Coordination between these shards is ensured by a main chain, which is dedicated to managing the synchronisation and security of the network. The main chain is responsible for the pseudo-random distribution of validators across the shards, a crucial process for preventing Sybil-type attacks and collusion. Validators are network nodes that participate in the consensus by validating transactions and blocks. The pseudo-random selection of validators for each shard is often derived from a cryptographic algorithm executed by the main chain, ensuring a regular and unpredictable rotation of validators.
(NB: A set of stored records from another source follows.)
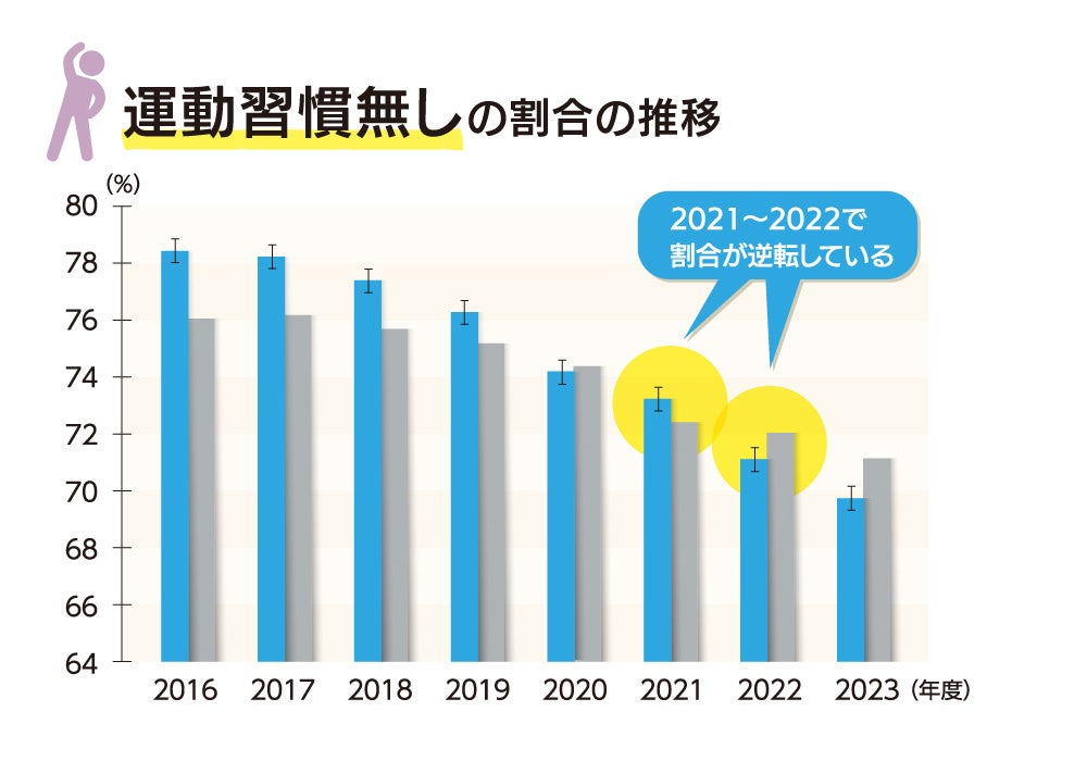 2021~2022年で運動習慣がないと回答された割合が健康宣言事業所と未宣言事業所で逆転。
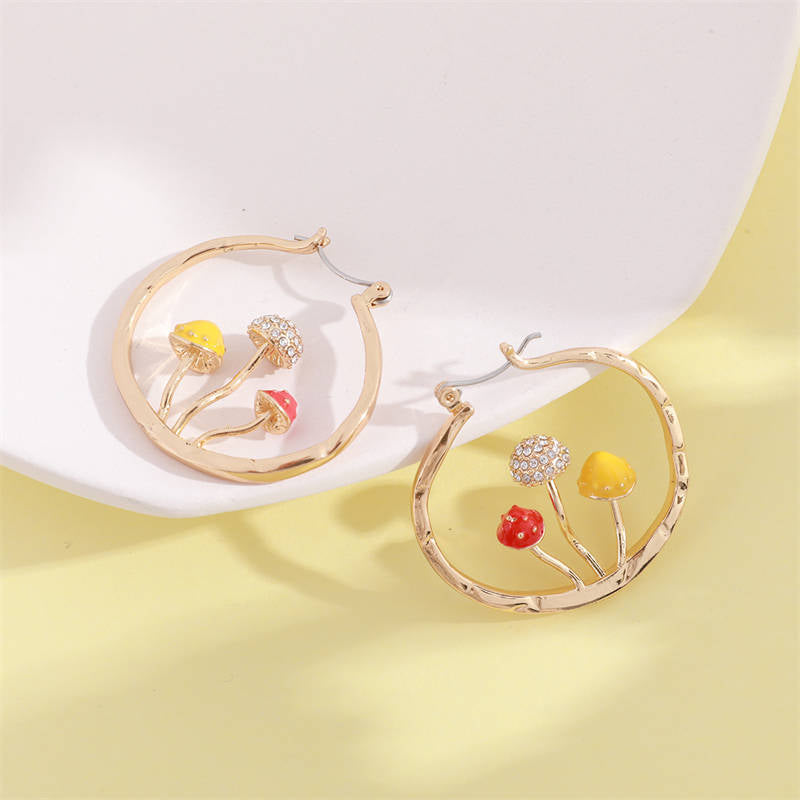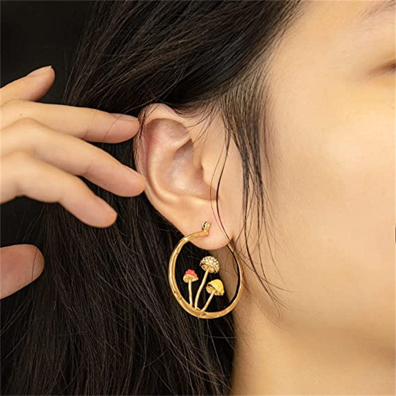 Cute Mushroom Earrings Chunky Gold Hoop Jewellery
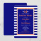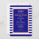 Este convite de janto de ensaio náutico apresenta faixas brancas e azuis marinhos como fundo para o marinho azul borrado em coral e branco no qual são colocados os detalhes do janto de ensaio. O monograma da noiva e do noivo é o ponto focal da design. Você pode personalizar este convite de janto de ensaio com seus detalhes de janto de ensaio de casamento. Direitos autorais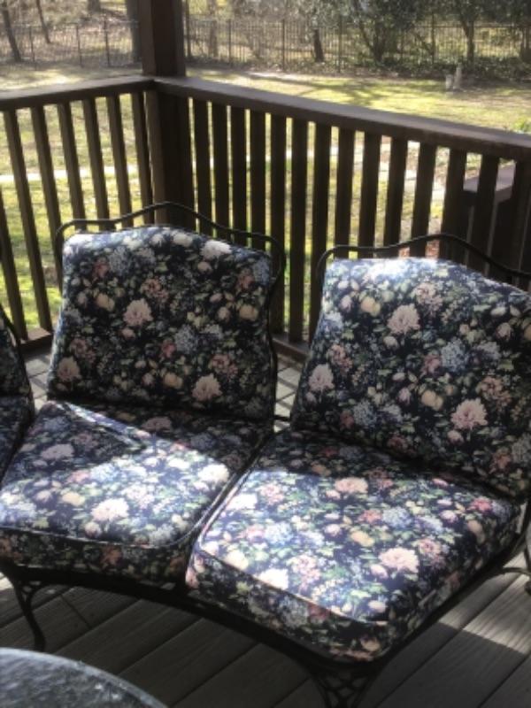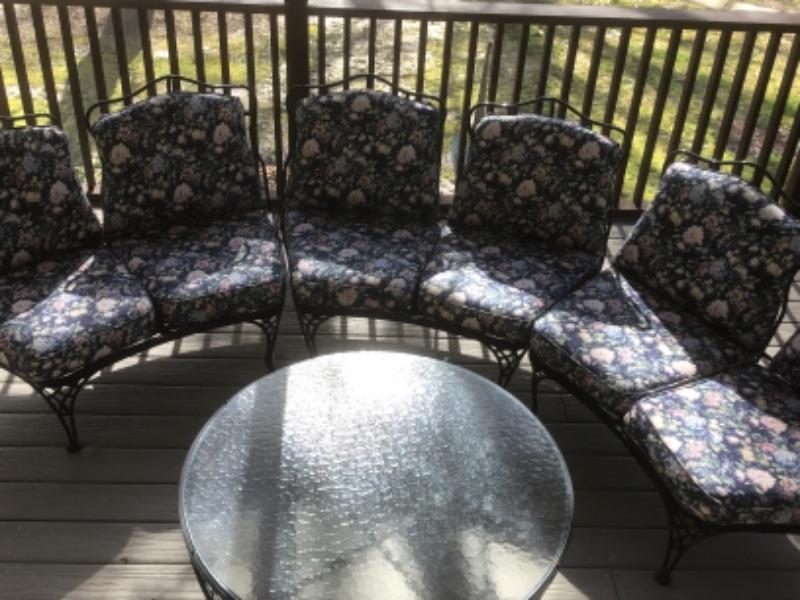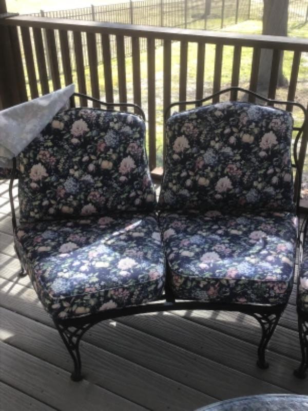 3 pc. Curved Sectional Wrought Iron Sofa with Cushions and additional fabric -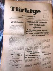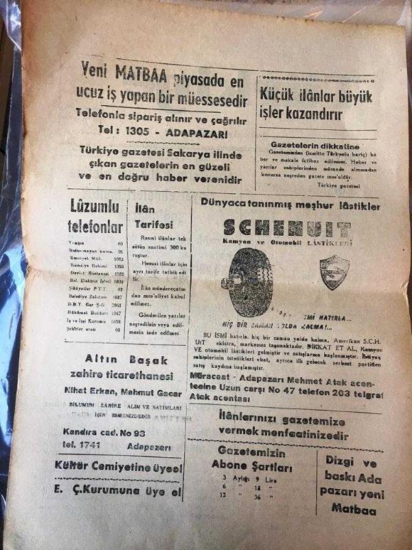 SAKARYA TÜRKİYE Gazetesi -Hakimiyet milletindir - Yerel Taşra Basını - 8 TEMMUZ 1959- YIL :3 SAYI :949-Çarşaflı Kadınlar-Şoförlerin trafik kaidelerine riayet etmeleri mutlak sağlanacak -Meşhur Manken Bettina ALİ Han İle evlenmek için müslüman oluyor-Emlak fiyatları düşüyor-- -Lüzumlu Telefonlar-İlan Tarifesi Küçük ilanlar büyük işler kazandırıyor -Dünyaca tanınmış meşhur lastikler SCHENUIT kamyon ve otomobil Lastikleri Yıpranma, sararmalar, kupon kesiği ve yırtılmalar zamana bağlı olarak görülebilir.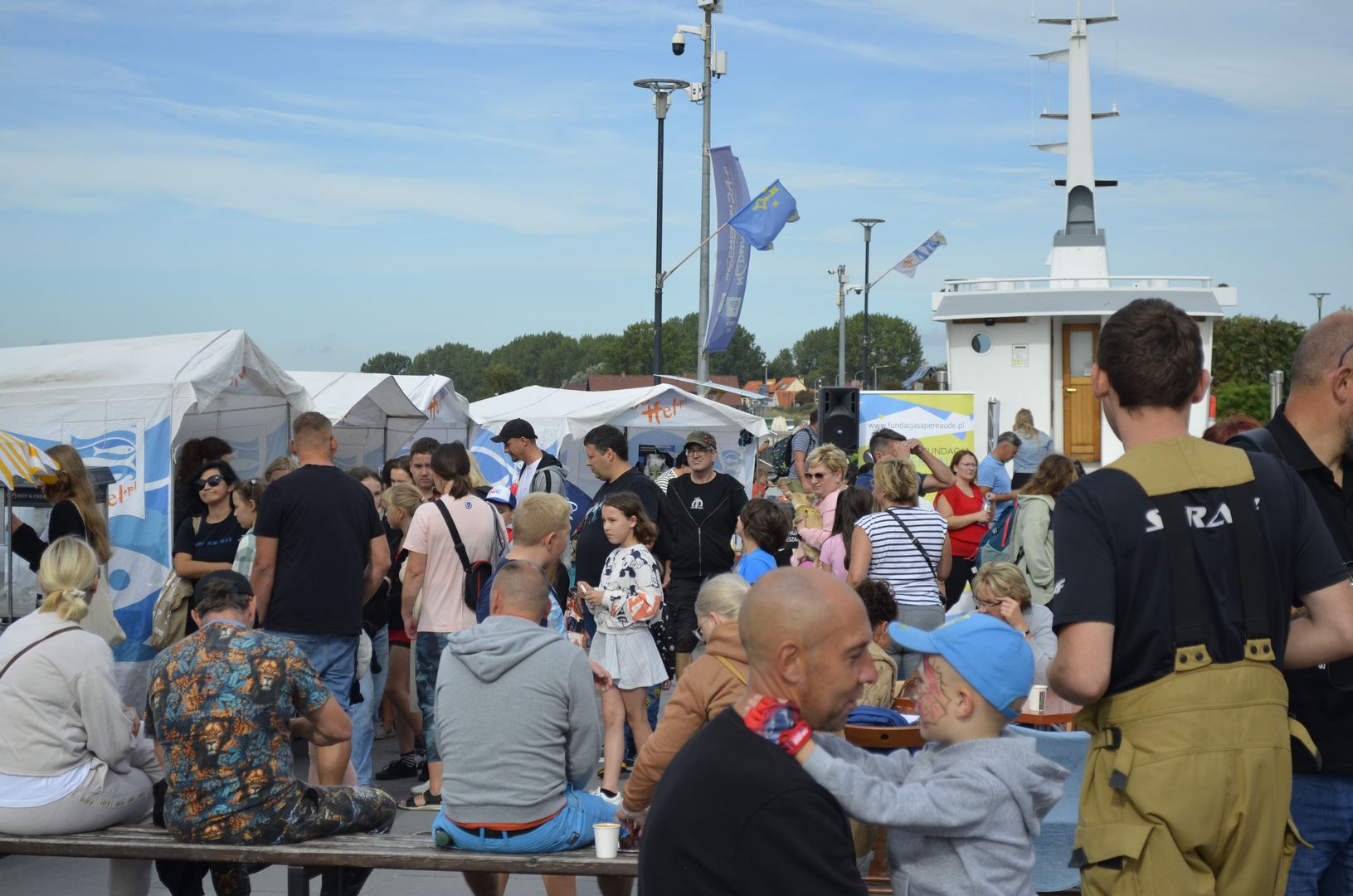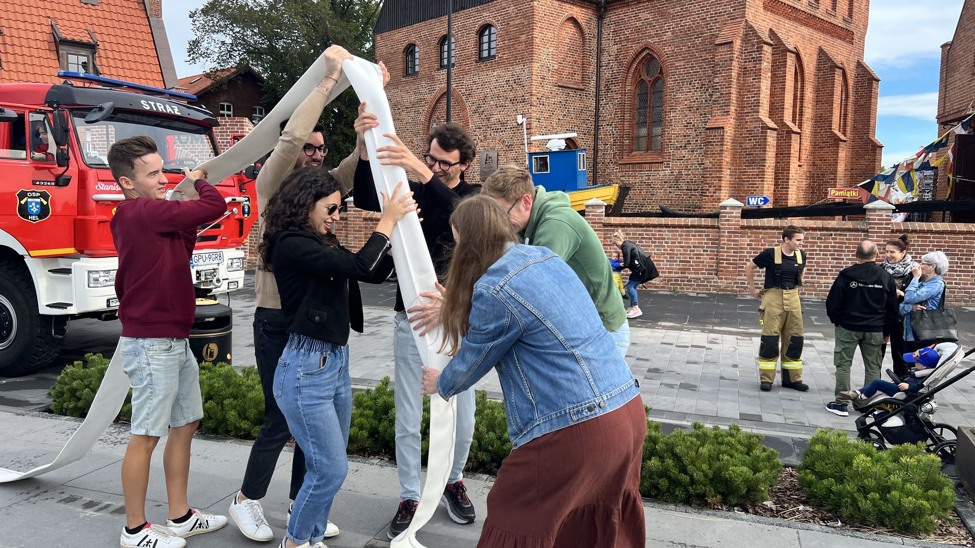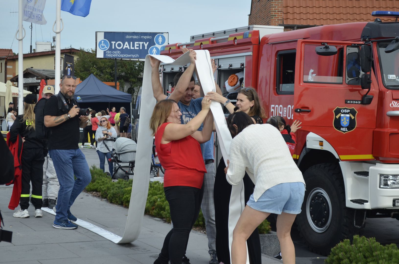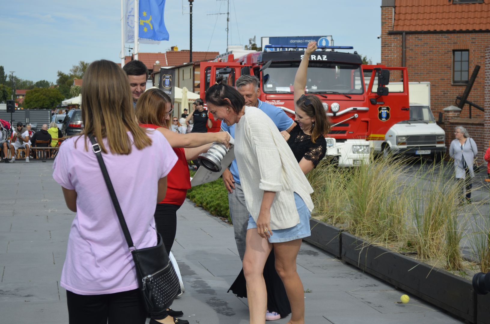 Odważni mogli stanąć w szranki konkursów sprawnościowych, które zorganizowała OSP Hel. Zawody w przesuwaniu piłki tenisowej przez wąż strażacki cieszyły się takim powodzeniem, że wielonarodowa grupa turystów przyłączyła się do nas i ku uciesze obserwatorów osiągnęła najlepszy czas.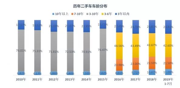 可以看到车龄在6年以内的车型占了总交易量的64.58%。另外,车龄在10年以上的车型比例与去年同期相比有小幅度增长,2019年7月共实现交易14.99万辆。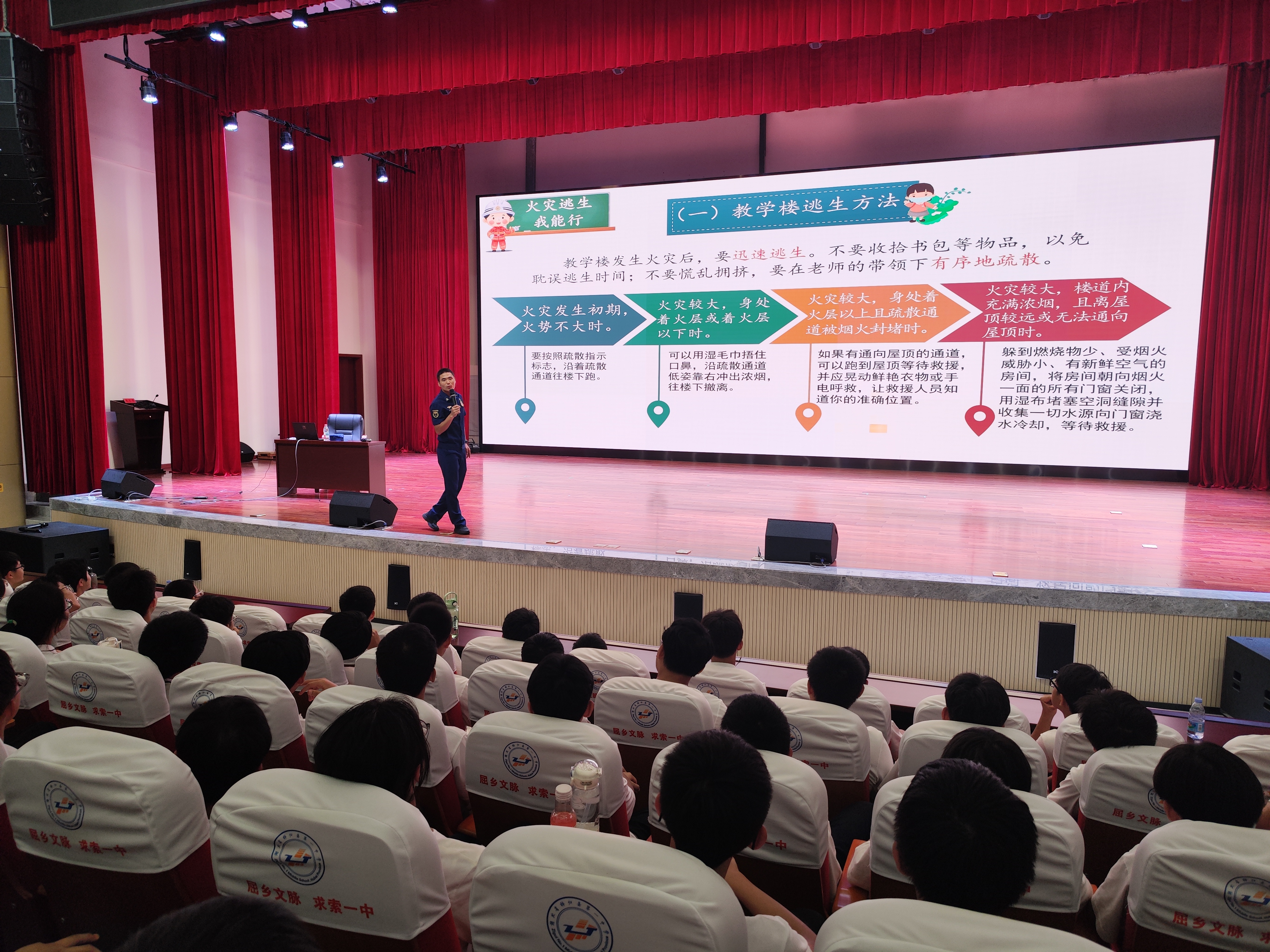 “同学们,熟悉校园的每一个安全出口,就像记住教室的位置一样重要!”活动伊始,消防宣传员借助科普视频和 PPT课件,为在场学生讲解了火灾预防、疏散逃生等安全知识,着重强调了新生进入校园后,要第一时间熟悉各个场所的安全出口和疏散通道位置,爱护公共消防设施器材,发现火灾隐患及时上报。随后,一场紧张有序的应急疏散演练迅速展开。随着警报声响起,全体师生瞬间“切换”至应急状态,在消防员与老师的引导下,弯腰低姿、捂住口鼻,迅速沿着预定疏散路线撤离,仅用时3分15秒,所有学生全部安全撤离到室外操场。

Inter-shard communication, particularly for cross-shard transactions, is a complex technical aspect of sharding. Cross-shard transactions are transactions that involve multiple shards, for example, a user wishing to transfer assets from an account on one shard to an account on another shard.
Several techniques are used to ensure the consistency of these transactions.
A consensus protocol is used to ensure that cross-shard transactions are executed atomically. This means that the transaction is either validated by all the shards involved or rejected in its entirety. Distributed locks or two-phase validation protocols are commonly used to achieve this. In a two-phase validation protocol, a preparation phase verifies that all shards can execute the transaction, followed by a final validation phase where the transaction is either confirmed or cancelled.
Relay chains, like those used by Polkadot, mediate communications between shards. They act as a centralised communication channel that facilitates the secure transfer of data and assets between shards. The relay chain validates and relays messages between shards, ensuring that cross-shard transactions are secure and consistent.
Each shard can include light clients for other shards. A light client is a client that downloads only a small part of the blockchain, usually the block headers, to verify cross-shard transactions. This method allows each shard to check the status of the other shards without requiring full synchronisation. Light clients use cryptographic proofs, such as Merkle proofs, to validate transactions efficiently and securely.
The security of a sharded network relies on sophisticated validation and validator distribution mechanisms. Here's how it works technically.
The selection of validators for each shard is carried out in a pseudo-random way. This algorithm uses cryptographic functions derived from the main chain to ensure that the selection is unpredictable and that validators change regularly. This process reduces the risk of collusion and Sybil attacks, where an attacker could create multiple identities to manipulate the network.
Committees are groups of validators who validate the blocks of each shard. Each block must be approved by a committee of validators, ensuring a multi-level consensus. In addition, some systems use notaries, who are special validators responsible for checking cross-shard transactions and ensuring consistency between shards.
In sharding systems based on Proof of Stake, such as Ethereum 2.0, validators must deposit a stake of crypto-currencies to participate in the validation. This stake provides an economic incentive for validators to behave honestly, as any attempt at malicious behaviour can result in the loss of their stake. This mechanism aligns the economic incentives of validators with the security and integrity of the network. Validators are chosen to validate blocks according to the size of their stake and in a pseudo-random way, reinforcing the security and decentralisation of the network.